Foxy boxing is a form of sports entertainment which involves two or more women boxing (or pretending to do so) in a sexualized context as a form of erotic entertainment. The participants are typically dressed in revealing clothing such as bikinis or skintight leotards, while the actual fight usually focuses on the beauty of the combatants rather than fighting skills. Foxy boxing is unusual in that the audience generally does not care who wins. It is believed to have its roots in "singles' bars in southern California" after the interest in women's boxing began to decline in the late 1980s.

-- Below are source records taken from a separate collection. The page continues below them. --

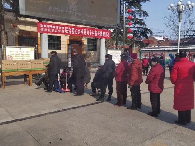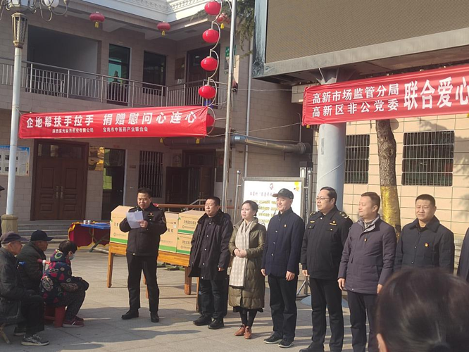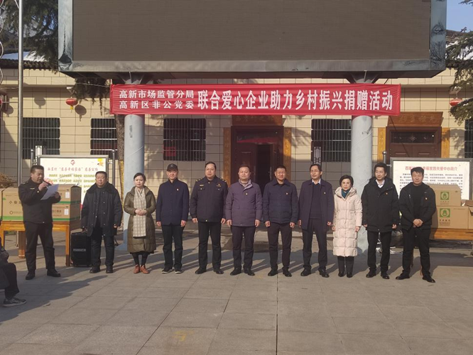 2024年1月25日下午2:30分,由市场监管局高新分局、高新区非公党委联合爱心企业在钓渭镇西崖村开展助力乡村振兴捐赠活动。宝鸡高新区党工委委员、组织人社部部长杨建平,市市场监管局党组成员、高新分局党委书记、局长郭慧平,钓渭镇党委书记贾建锋、4户爱心企业负责人和400余名村民参加了捐赠活动。分局副局长、高新区非公党委副书记徐保卫主持了活动。
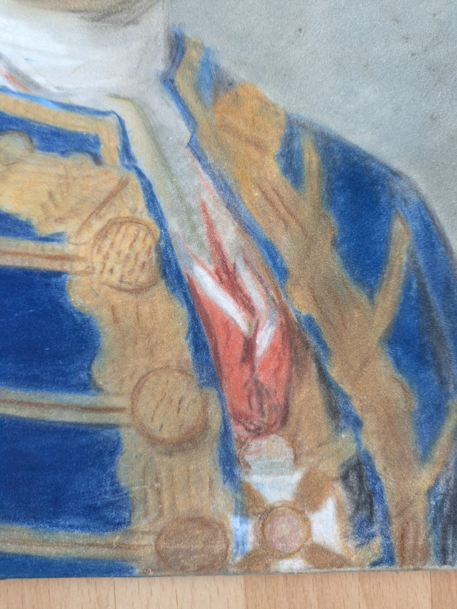 The artist remains unidentified, as there are no visible signatures or marks. However, the style and technique suggest it may belong to the late 18th century, a period known for portraiture in pastel. Artists of this era often focused on capturing the likeness and status of their subjects, particularly in military attire.
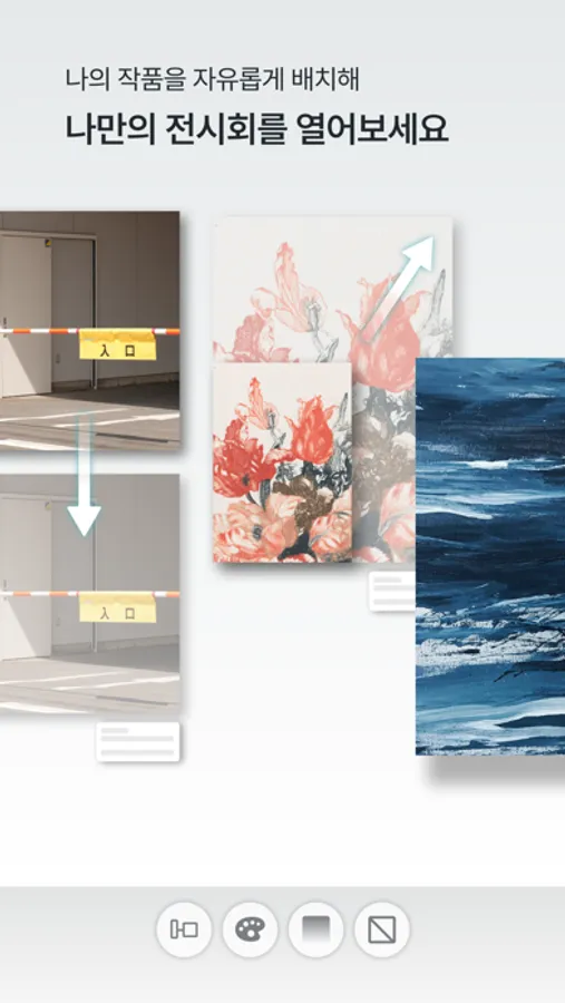 오브레는, ‘플로어’라는 전시공간을 제공해요. 플로어 별로 테마를 지정하고, 테마에 따라 작가님의 작품을 원하는 위치에 원하는 크기로 디스플레이해보세요!
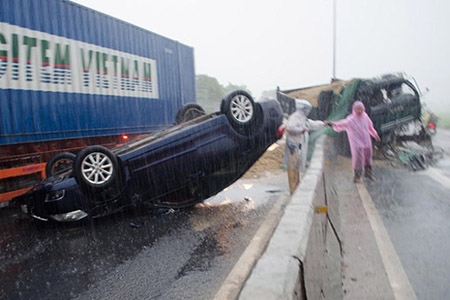 Cú va chạm mạnh khiến chiếc Camry leo lên dải phân cách trước khi lật ngửa trên đường quốc lộ. Trong khi đó, chiếc xe tải mất lái và đâm vỡ dải phân cách, lao qua làn đường ngược chiều rồi đâm vào hai người đang đi xe đạp.
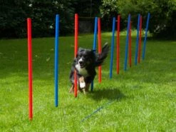 Hochwertiges, sehr stabiles Slalom Set von Procyon Hundebedarf. Lieferumfang: 12 Slalomstangen (86cm Höhe) mit verzinkten Erdnägeln, Richtschnur inkl. Heringen, Tragetasche, Aufbau- und Spielanleitung. Gemeinsam mit Ihrem Hund werden Sie viel Spass haben und dabei fit bleiben.
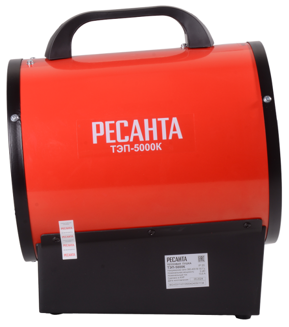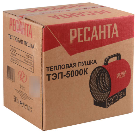 Тепловая электрическая пушка Ресанта ТЭП-5000К реализуется в индивидуальной упаковке. Выполнена в стальном корпусе. Цвет — красный. Размер —.

The mainstream competitive sport of women's boxing has tried to avoid association with foxy boxing. Foxy boxing was also utilized by bar owners in Thailand for the same type of audience.

It was a popular entertainment used in the Philippines for military men in the 1980s and 1990s. It included both boxing and wrestling and the women were expected to "draw blood and show bruises before they got paid". Foxy boxing was also utilized by bar owners in Thailand for the same type of audience.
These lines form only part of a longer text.